Unfortunately the nuclear weapons already exist and any country with enough budget can create one, I suggest you try to understand that you can't have a group of terrorists dropping a plane in a nuclear plant and have it explode like a bomb, nuclear plants do not explode like an atomic bomb.

lokimedes|4 years ago

I tend to agree with you, but it should not be the conclusion. We must become ready to handle this, it is in my opinion the real underlying challenge behind the climate problem.

We have started this technologically driven expansion of the human footprint, and either we revert to pre-industrial levels or progress. Assuming that non-nuclear technology will let us have the cake (of prosperity) and eat it too (without drowning our cites) is the collective lie I see propagated politically.

In the spirit of the recent TV series release of "Foundation", this is our Seldon problem.

q1w2|4 years ago

Running a nuclear reactor does not produce nuclear weapons. This is simply fear-mongering fake news.

Also, modern nuclear reactors are dangerous. The GenIII+ specification for all new reactors requires the use of passive shut off. Which means the operator must actively keep the reactor on.

If they were to all turn into zombies, for example, the reactor would simply shut off.

Omega Tau podcast also did an extensive series on nuclear waste storage that I highly recommend every skeptic listen to. Nuclear waste storage is not a problem.

The problem is that naivete people seem to have that renewables can provide 99% uptime baseload, the boomer ignorance that all-things-nuclear-are-bad-because-Greenpeace-told-me-so.

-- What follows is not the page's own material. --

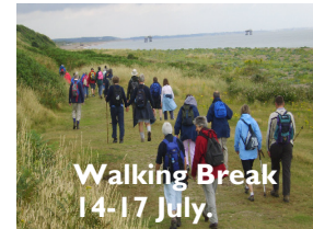
Walking Break 14-17 July.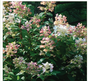
Hydrangea paniculata [Quick Fire]

Moreover, China has proven that nuclear Gen III reactors can be built cheaply - they are concurrently building 24 1GW plants.

Steamline ancient western regulations, block the endless lawsuits against plant development, re-open the Nevada storage center, tell boomers to stop stonewalling the only ready climate change solution, and BUILD THE DAMN NUCLEAR PLANTS.

We have a PROVEN solution ready to go that can be deployed in literally 10-15 years. We just need to end the ignorance.

chefkoch|4 years ago

> We have a PROVEN solution ready to go that can be deployed in literally 10-15 years. We just need to end the ignorance.

No we don't. We don't have even one new Gen reactor running and even more important we don't have the people educated to build them in a massive scale.

It would take at least ten years to educate the nuclear engineers needed to build dozens or even hundreds of them. And even then they don't have experience, they are juniors building very complex multi billion dollar installations.

kortex|4 years ago

> Also, modern nuclear reactors are dangerous. The GenIII+ specification for all new reactors requires the use of passive shut off. Which means the operator must actively keep the reactor on.

This seems confused. Shouldn't this read not dangerous?

100% agree though on the broad point. Newer reactors have way better passive safety, and the way to cheaper, safer nuclear energy is build more new plants and retire the old ones.

bombcar|4 years ago

So we’ll slowly level cities via burning coal instead “in the name of safety”.

robwwilliams|4 years ago

Brilliant comment. And yet we as a barely intelligent emergent species will play with politically dangerous fire/energy.

Let do it more as a basic science challenge and work 10X harder on the fusion chimera that is beginning to look real!